→ **Available data**:
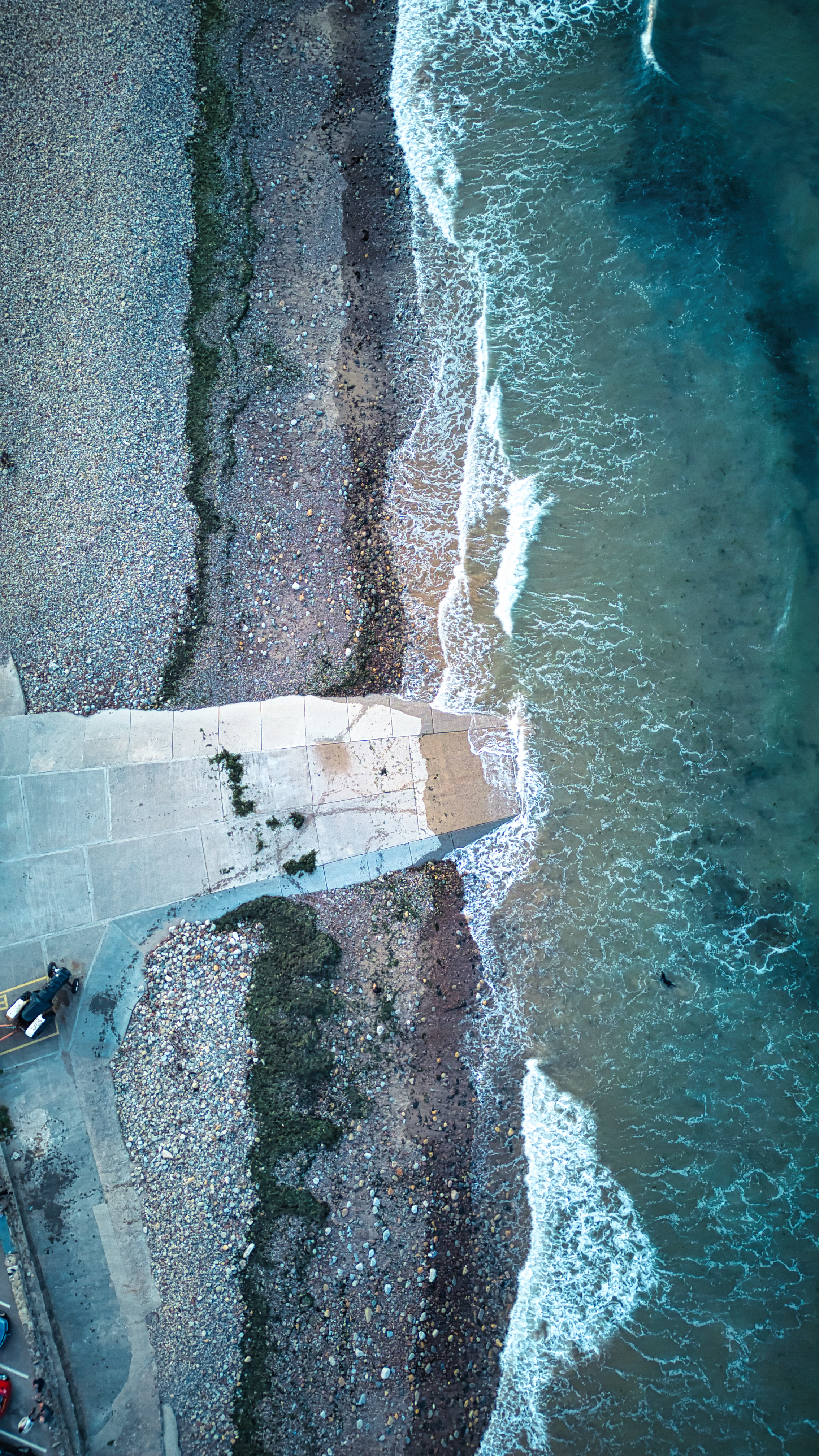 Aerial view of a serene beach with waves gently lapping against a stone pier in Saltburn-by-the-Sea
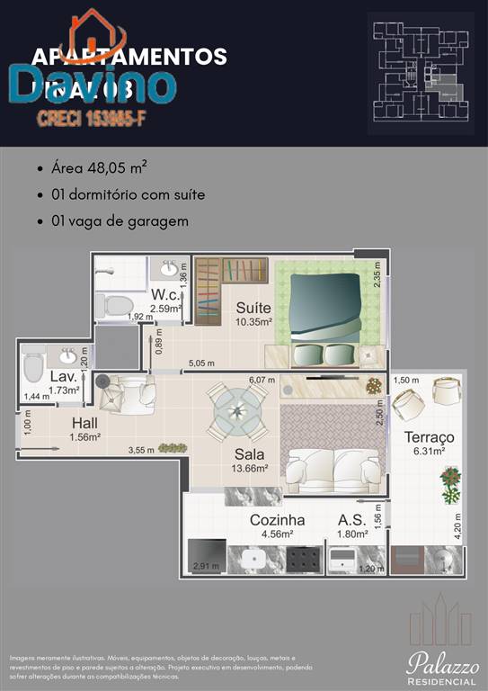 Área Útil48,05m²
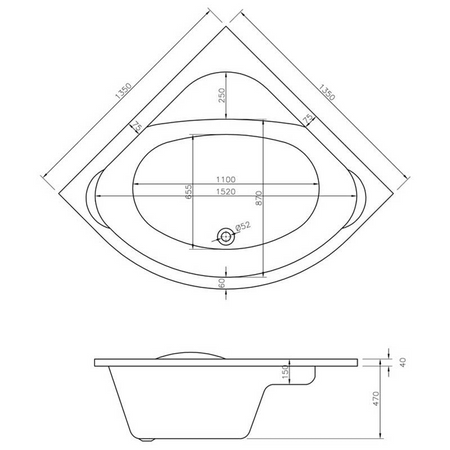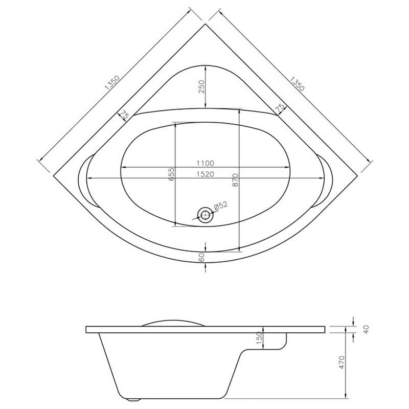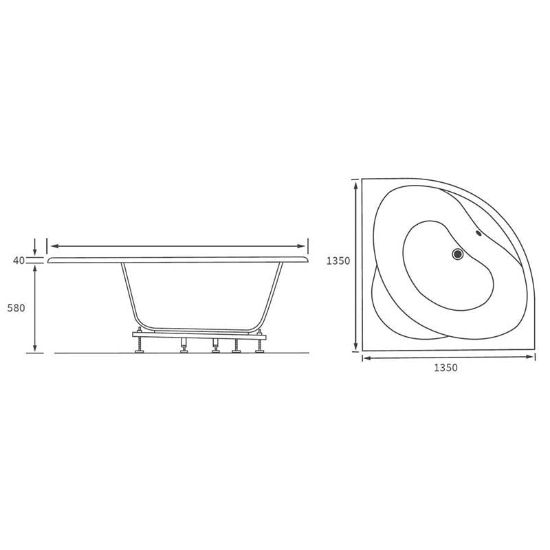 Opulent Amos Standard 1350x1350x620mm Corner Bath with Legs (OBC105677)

---

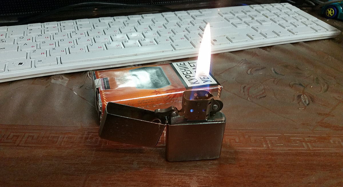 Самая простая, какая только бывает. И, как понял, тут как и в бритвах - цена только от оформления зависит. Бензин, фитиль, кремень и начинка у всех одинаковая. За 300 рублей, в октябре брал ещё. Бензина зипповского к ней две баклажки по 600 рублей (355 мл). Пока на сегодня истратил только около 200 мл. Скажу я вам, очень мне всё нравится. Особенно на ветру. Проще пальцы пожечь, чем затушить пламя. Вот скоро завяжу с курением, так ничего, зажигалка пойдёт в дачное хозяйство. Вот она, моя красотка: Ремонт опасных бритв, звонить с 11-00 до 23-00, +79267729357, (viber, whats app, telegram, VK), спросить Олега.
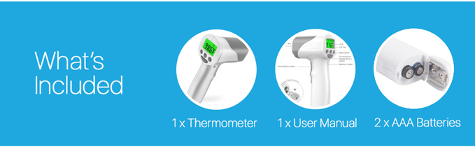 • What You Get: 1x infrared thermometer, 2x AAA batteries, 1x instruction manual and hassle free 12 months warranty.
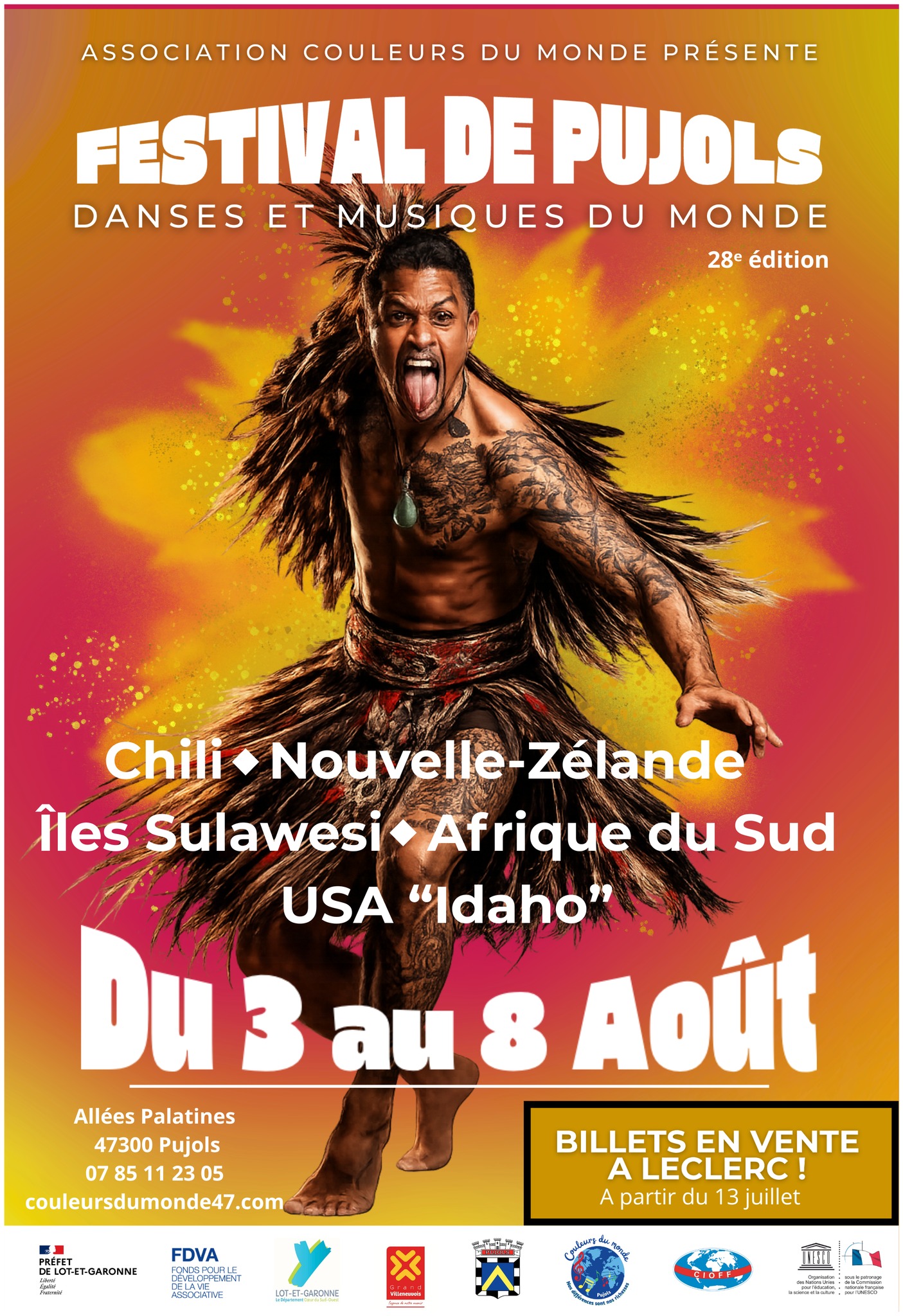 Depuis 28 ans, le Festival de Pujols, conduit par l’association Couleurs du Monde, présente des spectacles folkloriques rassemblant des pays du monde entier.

→ **How to complete this task**: Reproduce the listing above exactly from the line containing "Aerial view of" up to and including the line containing "Opulent Amos Standard", omitting any images and everything outside those lines.

→ **Task response**:
 Aerial view of a serene beach with waves gently lapping against a stone pier in Saltburn-by-the-Sea
 Área Útil48,05m²
 Opulent Amos Standard 1350x1350x620mm Corner Bath with Legs (OBC105677)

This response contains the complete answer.